Eight wins in a row. Other than Paul & Kyle, the team didn't play well but the 76ers are of course horrible. I can't tell how good this team is because they are beating up on the horrible Eastern Conference. Next week's road trip should be an eye opener in one way or another. 

It is crazy how dangerous Korver is in Coach Bud's system. Everybody thought he was overpaid when Larry Drew was the coach.


----------



## ATLien

Hawks: 87
Magic: 81

Another underwhelming offensive performance. When I was watching the Hawks were 2 for 18 for 3's, but with a win tonight they'll be 11 games over .500. Good cushion going into next week's games.


----------



## ATLien

Good (long) read about the early success the Hawks have had.

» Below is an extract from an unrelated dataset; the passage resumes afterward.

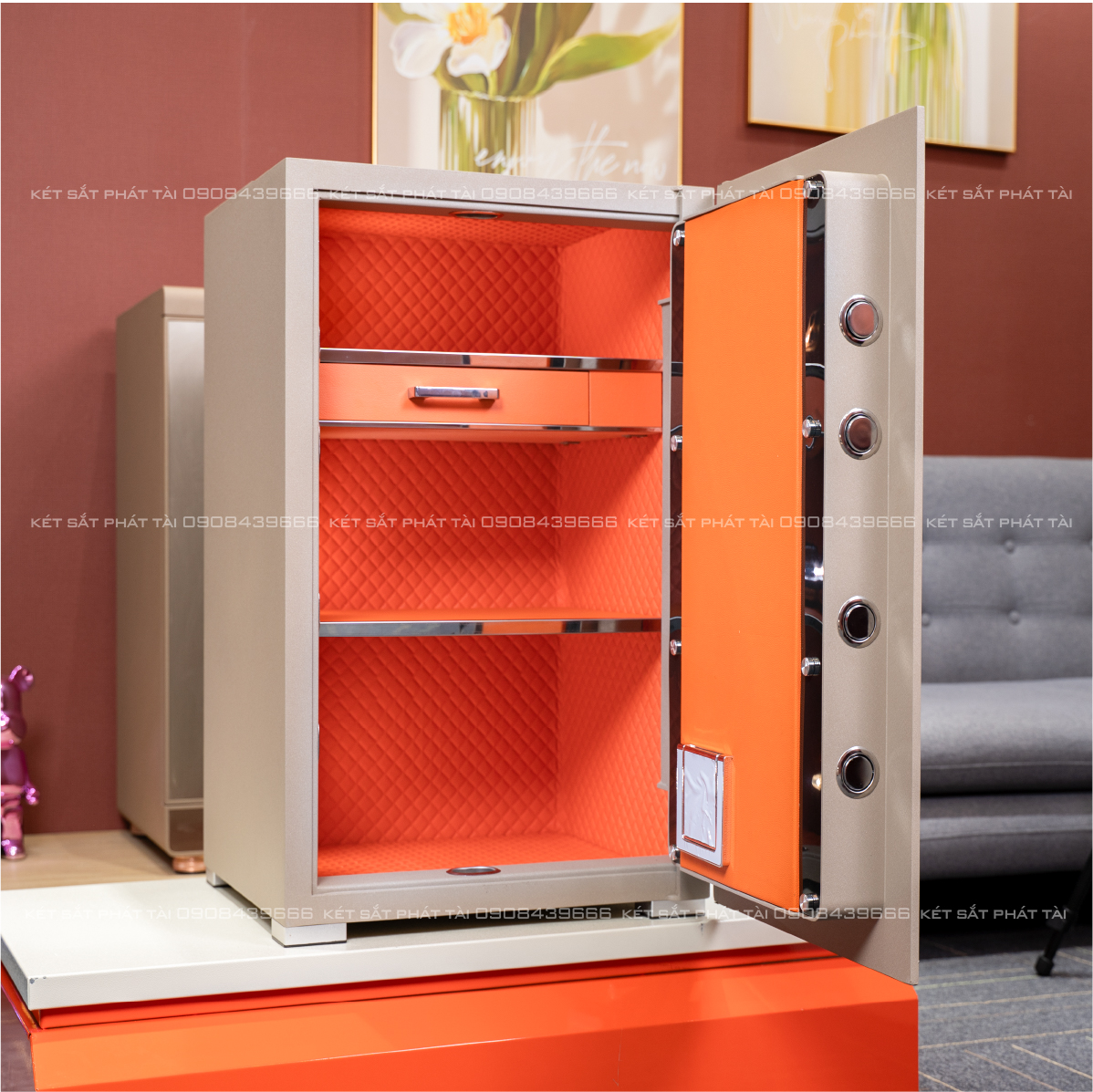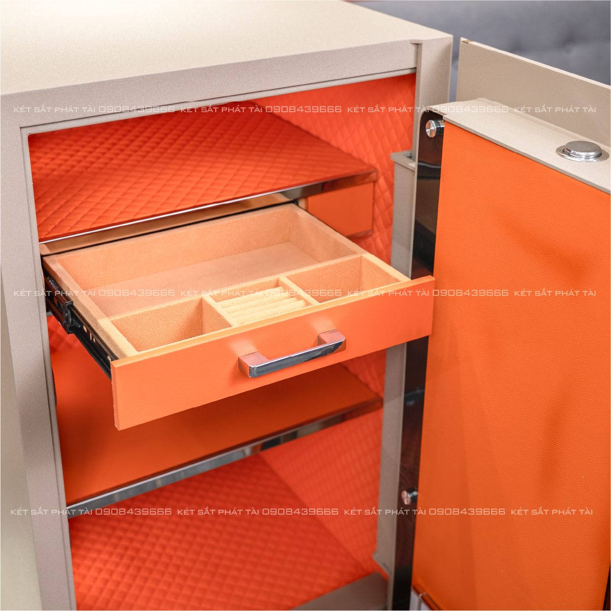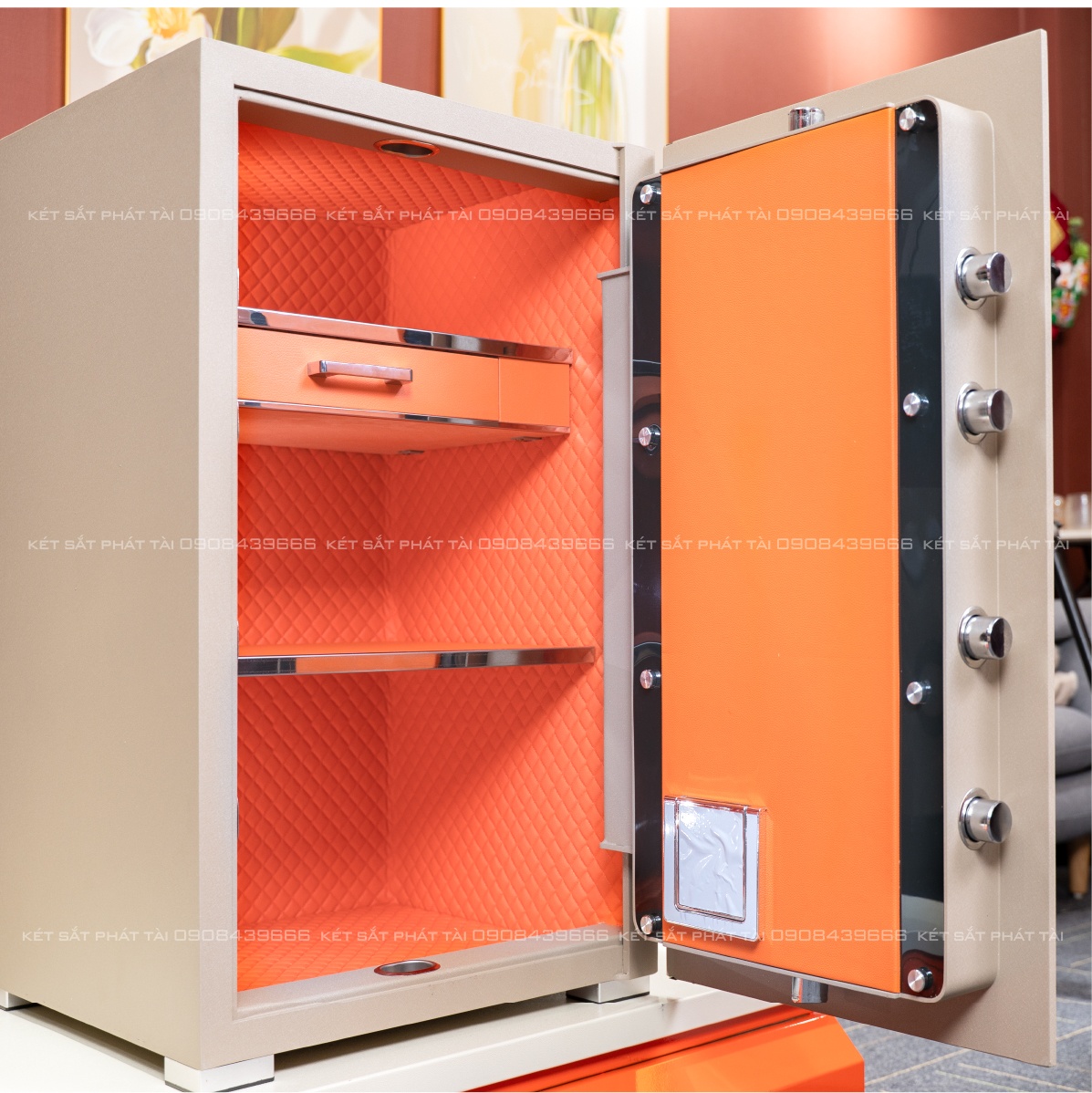 Bên trong két là lớp da PU màu cam cao cấp, mang đến cảm giác sang trọng và bảo vệ tài sản tốt hơn. Thiết kế nội thất thông minh gồm:

http://www.sbnation.com/2014/12/15/7377785/atlanta-hawks-breakdown-nba-playoffs-2014


----------



## ATLien

Hawks: 93
Bulls: 86

Chicago was without Joakim Noah. It wasn't a blowout, but the Hawks did lead pretty much the entire game. Tough road game against Cleveland tomorrow.


----------



## ATLien

Huge win on the road and without Jeff Teague. 

Hawks: 127
Cavs: 98


----------



## AllRim

ATLien the only Hawks fan around?? Hawks looking REAL good.


----------



## Porn Player

I wish we could beat the Cavs.


----------



## RollWithEm

ATLien said:


> Huge win on the road and without Jeff Teague.
> 
> Hawks: 127
> Cavs: 98


That's a big win.


----------



## RollWithEm




----------



## ATLien

RollWithEm said:


> That's a big win.


I was surprised at how early Blatt threw in the towel. The Hawks were up by a lot, but he took out his starters with 9 minutes remaining I think. It didn't help that they couldn't defend and were jacking up contested threes on offense.


----------



## ATLien

Hawks: 104
Rockets: 97

Another impressive road win vs. a good team without Jeff Teague.

:yep:


----------



## ATLien

Hawks: 105
Mavs: 102

Hawks almost blew it at the end, but they hold on for another strong road win. 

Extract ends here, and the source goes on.